Folks with box perches; do the bottom perches get utilized? I have some V perches that are 12" off ground area and they never get utilized.


----------



## raftree3 (Oct 16, 2010)

My lowest perch is 21" from the floor and they all get used at some point. I have nest boxes at that height also and it seems to work. I just picked that height for no particular reason.


----------



## ptras (Jun 29, 2010)

blacksheep said:


> How low is too low from the ground? I realize, pigeons like to be up as high as they possibly can.
> 
> Folks with box perches; do the bottom perches get utilized? I have some V perches that are 12" off ground area and they never get utilized.


I go down to 18" with the box perches, and they all seem to be used. I have also sometimes seen birds roosting on the sill plate under the box perches, so I expect it shouldn't be a problem. They do *prefer *the higher perches though.


----------



## Pigeonmumbler (Jun 6, 2010)

I have a 10 perches that are 12” high off the floor, but I leave them there because I find that when some of Yb’s start to venture out of the nest boxes, I find them using those perches the next morning… So I guess they serve there purpose one way or another…!


----------



## Thunderbird Racing (Jul 24, 2010)

Pigeonmumbler said:


> I have a 10 perches that are 12” high off the floor, but I leave them there because I find that when some of Yb’s start to venture out of the nest boxes, I find them using those perches the next morning… So I guess they serve there purpose one way or another…!

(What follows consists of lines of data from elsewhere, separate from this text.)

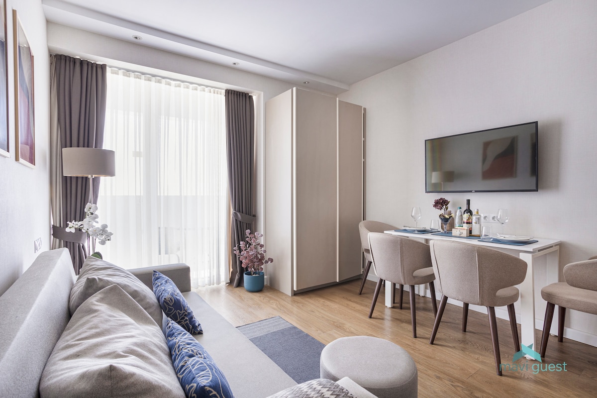 Our facility is decorated with simple and elegant colors. It has everything you need to live in and the located in city center. We offer not only sea but also city, lake and mountain views. At the same time our guests have opportunity to taste local delicacies free of charge, including delicious Georgian wine, cheese and dessert. Our facility is new and we will have special surprises for our first guests.
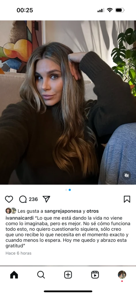En detalle, Ivana compartió un posteo en sus redes sociales, donde tiene casi 1 millón de seguidores, y escribió: “Lo que me está dando la vida no viene como lo imaginaba, pero es mejor. No sé cómo funciona todo esto, no quiero cuestionarlo siquiera, sólo creo que uno recibe lo que necesita en el momento exacto y cuando menos lo espera. Hoy me quedo y abrazo esta gratitud”. Esta publicación fue acompañada con una selfie de ella.
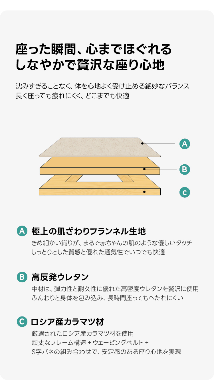 - 【高品質な素材と人間工学】:ソファの表面には、滑らかで柔らかなフランネル生地を採用し、内部には高反発ウレタンを使用。頭からつま先まで全身を優しく包み込むデザインで、深いリラックスを実現します。背もたれには7Dシリコン綿を使用し、柔らかさとサポート力を両立。
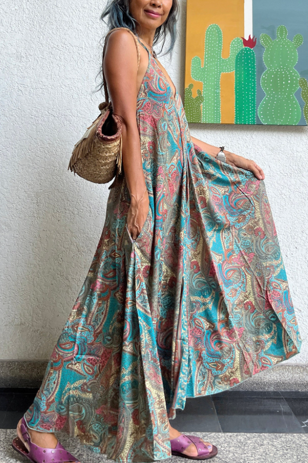 Deep V-neck and spaghetti strap design: Thin straps and a deep V-neck flatter the shoulders and neck, elongating the neckline and revealing the collarbone for a sexy yet elegant look that avoids being overly revealing and minimizes the appearance of a bulky upper body. The oversized A-line silhouette: The loose, flowing cut throughout the dress provides unrestricted comfort for the waist, hips, and legs, concealing imperfections and creating a slimming effect. It's suitable for all body types, including plus-size, pear-shaped, and apple-shaped figures, offering a relaxed and comfortable fit without clinging to the body.
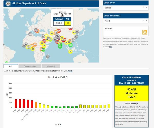 Посольство США в Кыргызстане также установило датчик. Информация обновляется каждый час. Индекс качества воздуха в районе дипломатической миссии «умеренный» — 80 (AQI).
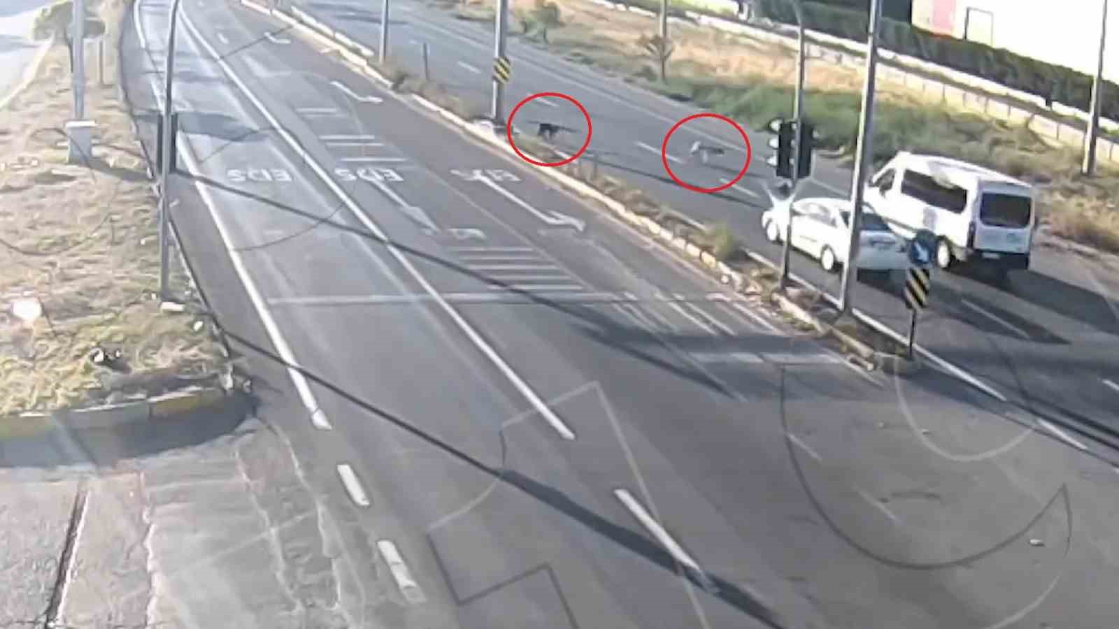 Kırıkkale’de karayoluna çıkan iki köpeğin otomobillerin çarpıştığı kazadan son anda kurtulduğu anlar güvenlik kamerasınca görüntülendi. Diğer bir kazada ise alkollü sürücü, otomobili ile iş yerine çarptı.

Mine are also 12" at the lowest perch, and I've noticed the same thing here. I was told as long as the lowest perch is a few inches above the lowest vent you should be OK.


----------



## horseart4u (Jun 16, 2011)

me too.. my lowest perch is 12" my nest boxes are 18" no one nesting in them yet but they get roosted in  besides most of my birds are youngsters anyway LOL


----------



## Wayne Johnson (Oct 1, 2010)

Social birds rank themselves by perch height. The highest bird has the job of looking out for trouble. This is important if the birds are secured in a spot, like a breeding cage. If their cage is the highest point in the loft they may show signs of stress due to being on duty too long. 
(just thought you may find it of interest.) Lower perches may not be used often but it is important that they be available.


----------